While I don't see this feature as strictly necessary since there are separate apps that can recognize text in an image and let you copy it, I think it would be very convenient and a good addition to have it in this app if implementing it won't require too much work (which it probably won't if I use something like ML Kit like you suggested). Just to clarify, what you want is to be able to take a picture (or open an image file), then select part of the recognized text and immediately search for it? Do you have any suggestions on what you think it should look like?

Answer 2 · 2024-04-01T19:28:14.000Z

Yeah, so essentially you would have a camera button in the search bar or some floating icon in the bottom corner, where you can start the OCR.
I do not know how annoying it would be to implement this but maybe (could also be future thing, don't want to burden you 😅) you could afterwards have the results as a component that slides in from the bottom (probably seen that before on other apps), with this you could search several characters on the same image and you could probably reuse the existing results screen/component. Don't bother if it's too annoying and just implement it as you suggested i.e. select text on picture and start a normal search.

Answer 3 · 2024-04-05T00:39:34.000Z

have the results as a component that slides in from the bottom (probably seen that before on other apps), with this you could search several characters on the same image

Could you elaborate on this a bit? I haven't seen it in other apps before, so I don't know exactly what that looks like. Also, by "component that slides in from the bottom", are you referring to a bottom sheet?

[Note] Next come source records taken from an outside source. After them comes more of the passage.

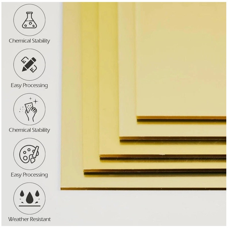 Acrylic Mirror Acrylic Gold Plexiglass 1/8" x 12" x 24” Plastic Sheet - Pack 5
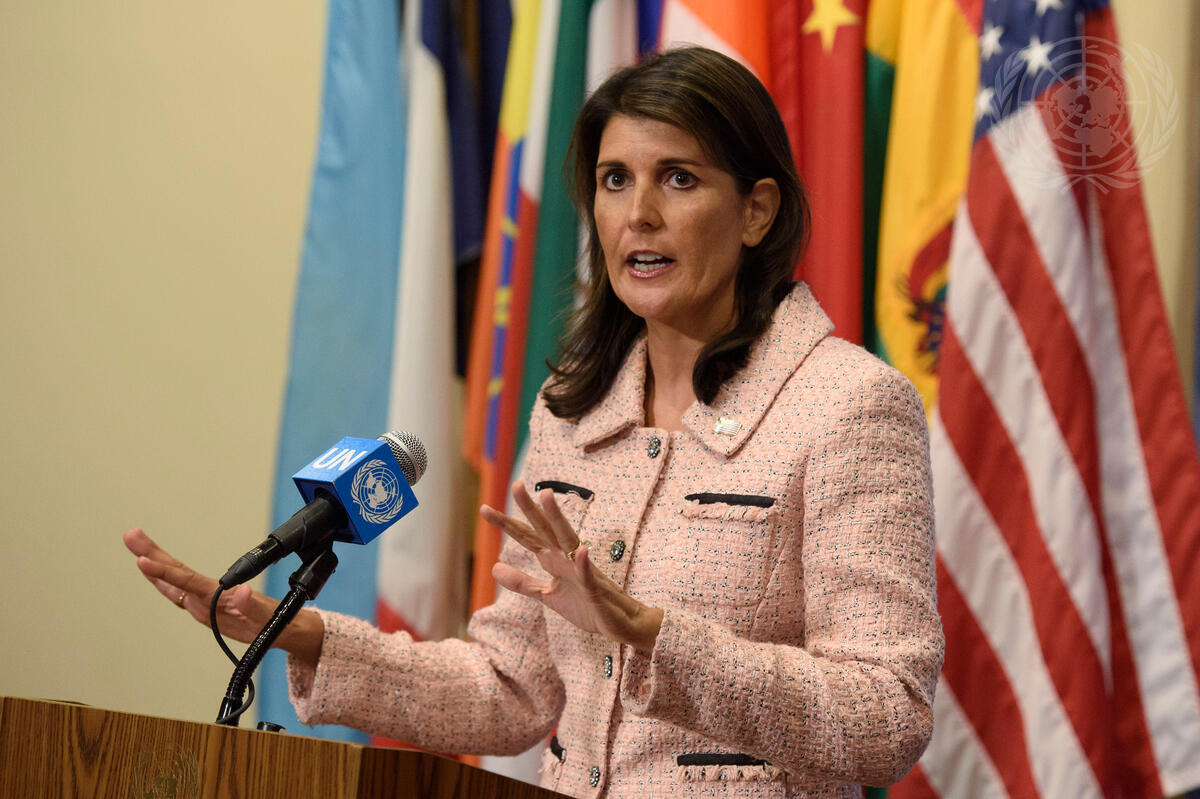 Nikki R. Haley, Permanent Representative of the United States to the UN and President of the Security Council for the month of September, briefs press following Security Council consultations on the situation in the Middle East (Yemen).
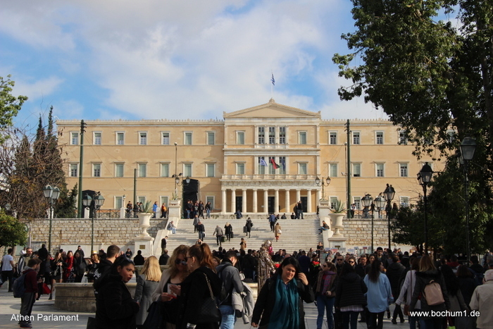 griechischen Parlament, ein recht bescheidenes Gebäude und weiter in einem

Answer 4 · 2024-04-05T05:01:18.000Z

Yeah exactly

Answer 5 · 2024-04-11T18:27:37.000Z

Finally had time to look into this. I have decided to reject this feature request. These are my reasons:

I don't think ML Kit is currently usable enough for Japanese text. It very regularly misrecognizes kanji (and sometimes even kana) even on clear and in-focus pictures of non-handwritten text. It also particularly struggles with vertically written text.
The ML Kit libraries are proprietary and their inclusion in this app is incompatible with its GPL-3.0 license. Their inclusion would also exclude the app from F-Droid, which only accepts apps that are completely open-source.
I considered using a different OCR library that is open-source called tesseract. However, it is completely unusable for Japanese text from my testing, as it often doesn't get even a single character right from the picture it's given, even in ideal conditions.
For both ML Kit and tesseract, the training data required would more than double the download size of the app, which I would like to avoid.

I suggest using a separate app for OCR like I've mentioned previously. I'm planning on making it possible to share text to JS-Dict from other apps, which should make that workflow a bit less tedious.

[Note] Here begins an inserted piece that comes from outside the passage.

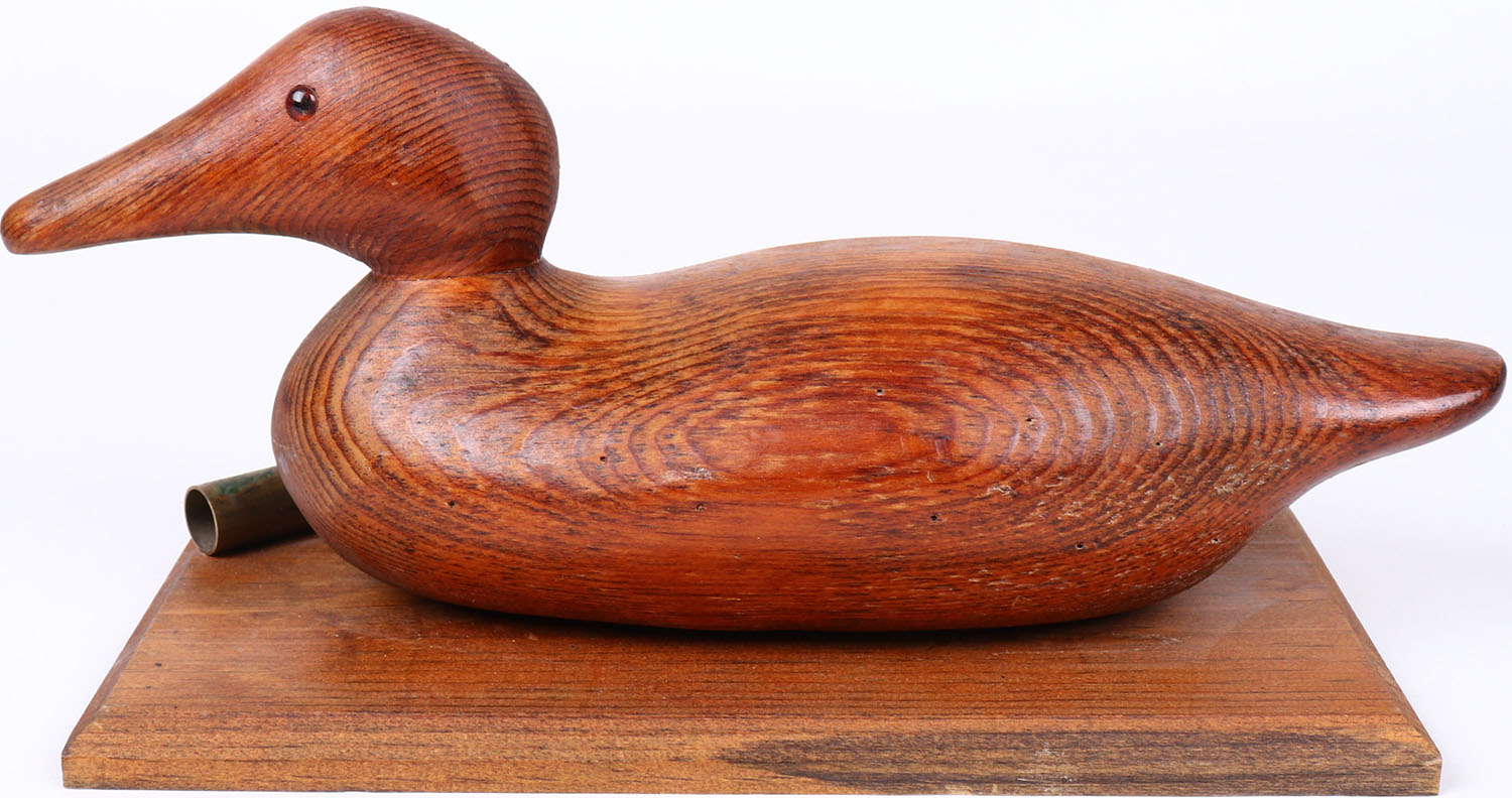 Mallard Hen by Mason Decoy Company (1980s repop), sometimes paired with a Mason Decoy Company commemorative Wooden Box, glass eyes, solid wood on wood base with empty brass shotshell on it, structurally excellent. Grade: MINT - Value: 10 to 30
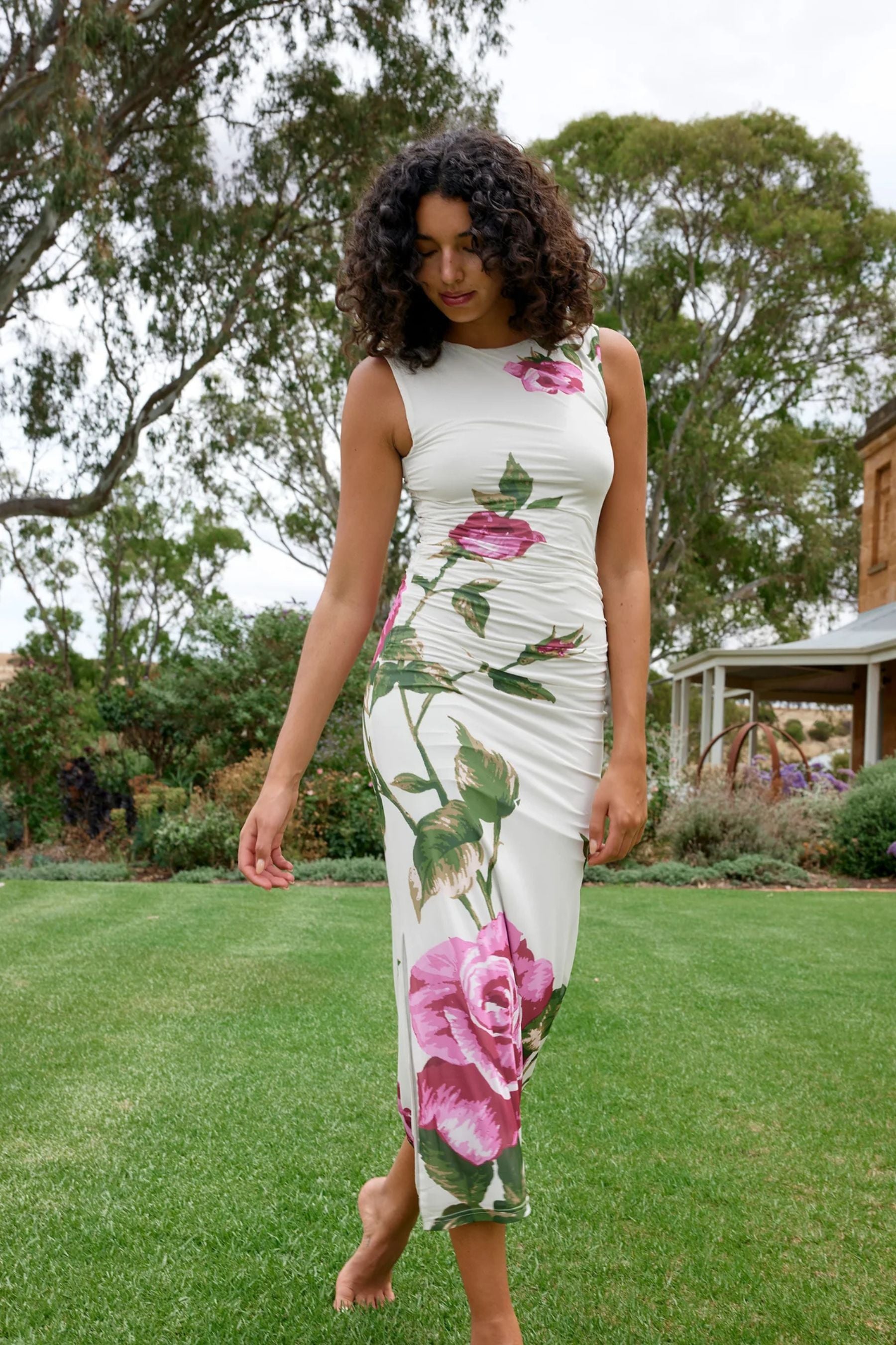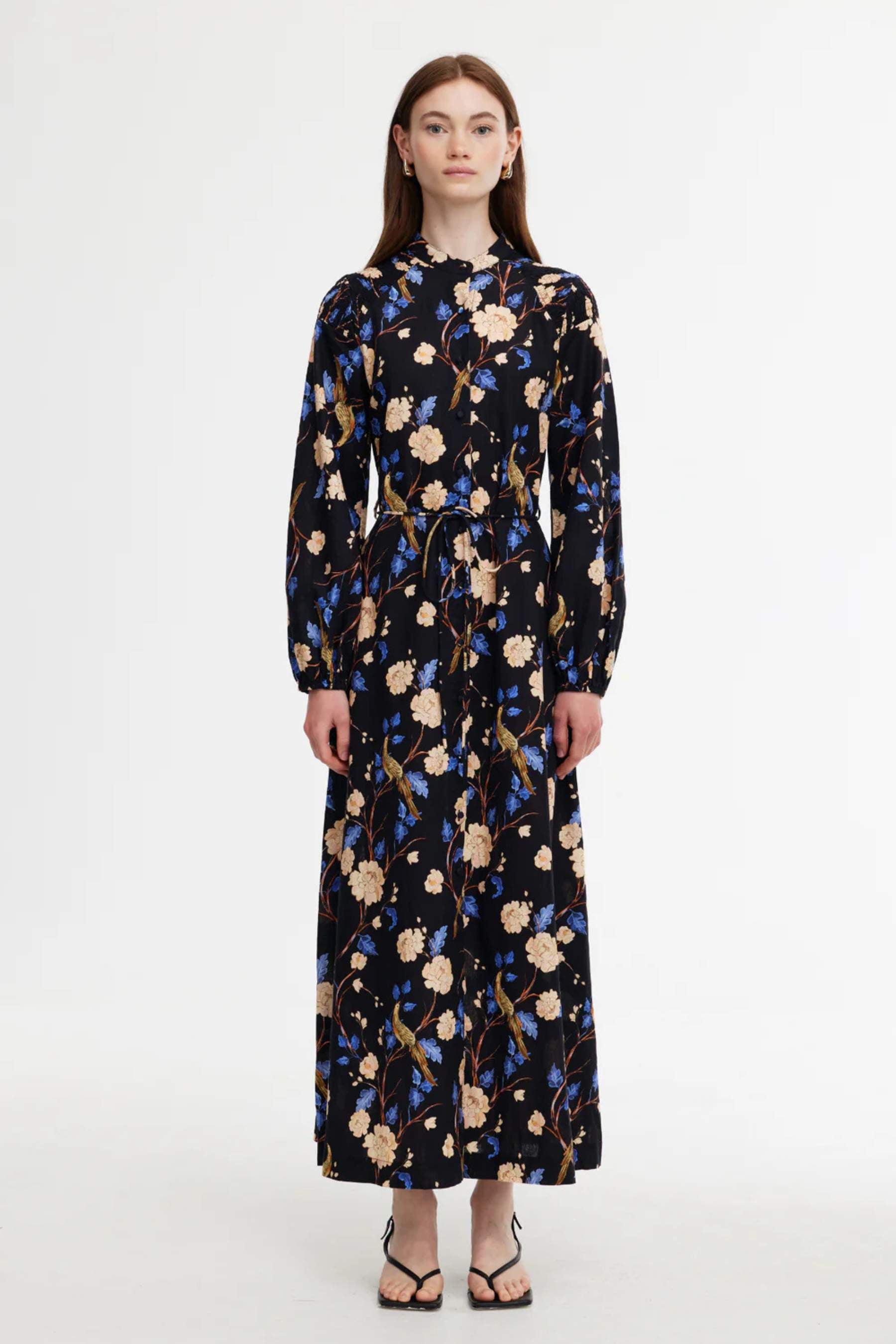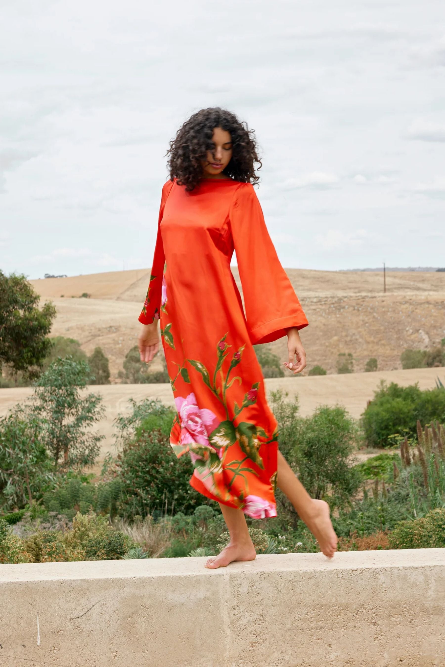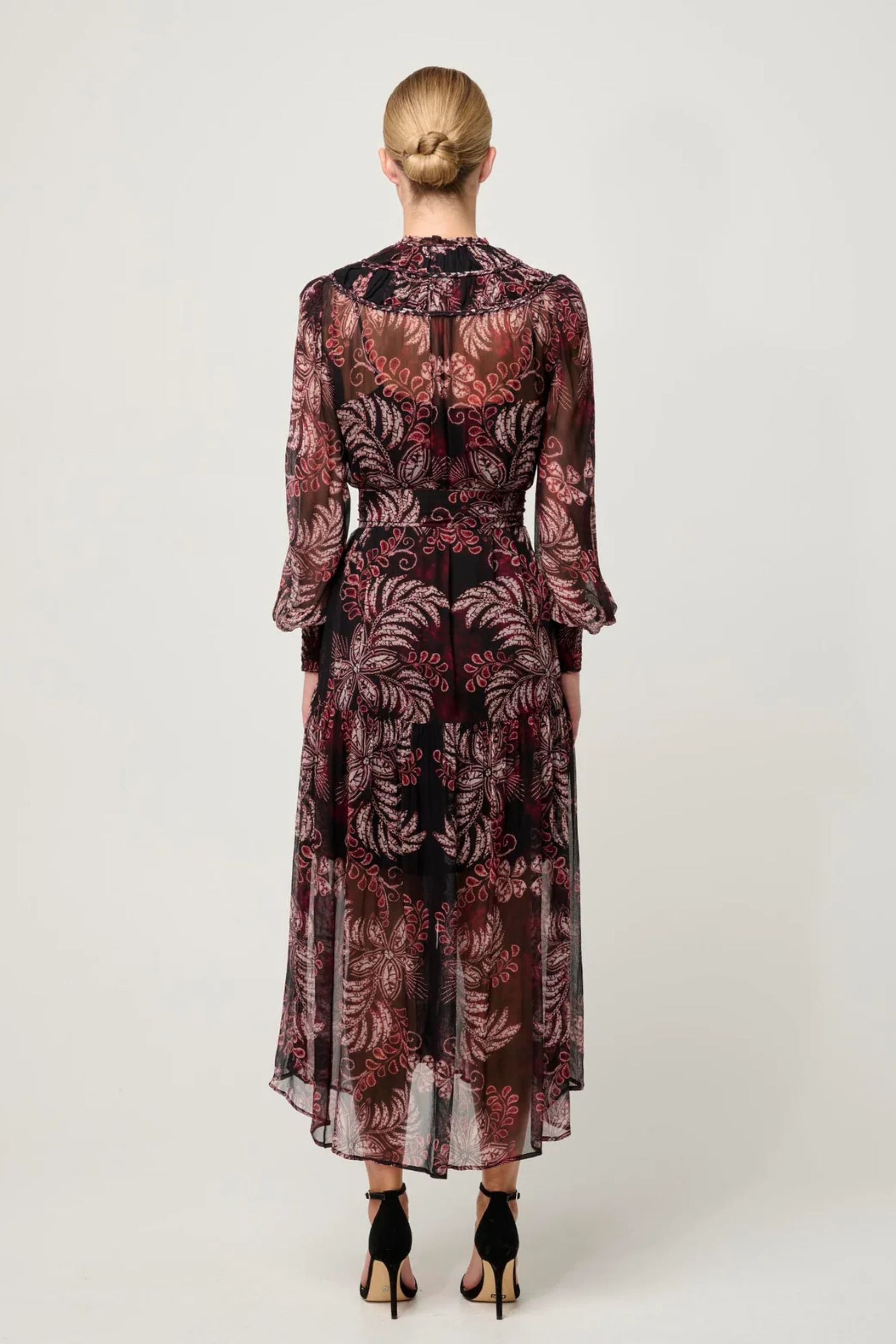 Renata Placement Print Silk Shirred Cuff Dress | Mariposa Zafiro

Answer 6 · 2024-04-11T20:42:37.000Z

I see, this makes sense, thank you for considering it! (the text sharing would be awesome!)

Answer 7 · 2024-07-17T10:52:57.000Z

@sdaqo did you check this out, I think this fork implements your requested feature: http://github.com/3nws/JS-Dict

Maybe @petlyh would be able to pull the changes to main repo? As the tesseract seems to work well enough for computer text as seen in the screenshots in the above linked repo. Maybe it can be an optional feature that downloads the necessary assets if the user wishes to use those features, keeping the app size to a minimal

Thank you!!